A second query, almost the same as the first, then told us which sections to cut. Any section telling a beat in full on a page that does not own it. Three sections on the home page lit up. We removed them. The home page went from nine sections to six and got faster to read and easier to act on. The story page kept the depth and stopped competing with the front door for the same words.
We did not design that outcome by argument. We let the structure show us, and we followed it.
Why a school would bother
We could have moved some paragraphs around until it felt better. It would have taken the same afternoon. The reason we reached for code instead is the reason we exist as a school.

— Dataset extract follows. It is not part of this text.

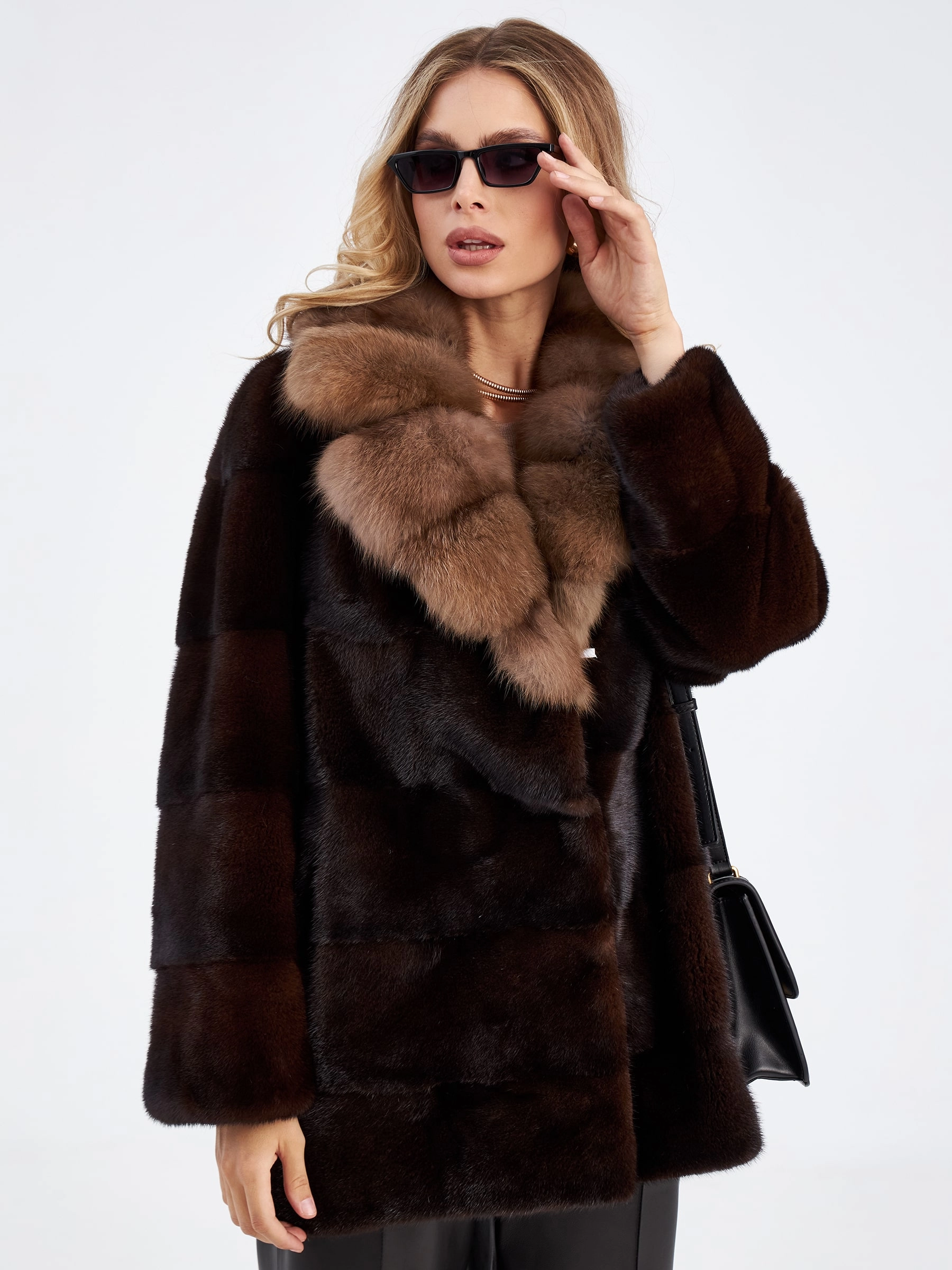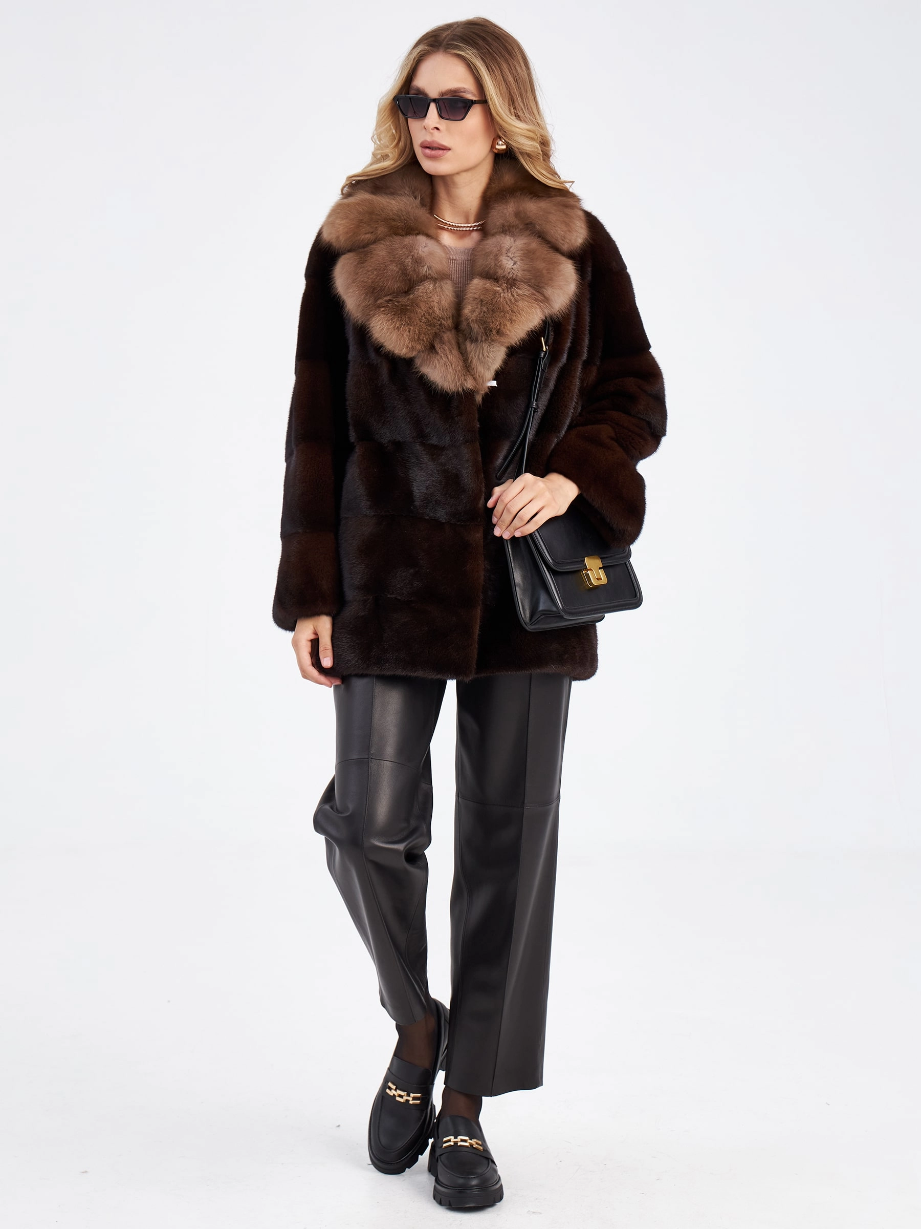 Женская куртка автоледи из меха норки с воротником из меха куницы 2а-к(авк), темно-коричневая, размер 48, артикул 33830

We teach a way of working, not a stack of facts. And the habit underneath this small job is one of the most useful a builder can own. Make the implicit explicit. When something is hard to reason about, change its form until it is easy. A wall of prose is hard to reason about. A table is easy. The skill is not knowing SQL. It is recognising that a question about words could become a question about rows, and being willing to spend ten honest minutes building the thing that answers it.
That habit settles arguments that taste cannot. It replaces the loudest voice in the room with a result anyone can reproduce. It is, quietly, a fairer way to make decisions, and we think a school that builds technology for social change should model fair decisions in the small things as well as the large ones.
We also do this in the open on purpose. This website is part of how we earn trust, from the communities we build with and from the people who fund the work. Showing the working, including the throwaway database we deleted before lunch, is more honest proof of how we think than any claim we could write about ourselves. We are building a coding institute, and we are building it where the working can be seen.
The website told the same story twice. We did not talk ourselves out of the feeling, and we did not act on it blind. We gave it a shape we could question, and then we listened to the answer.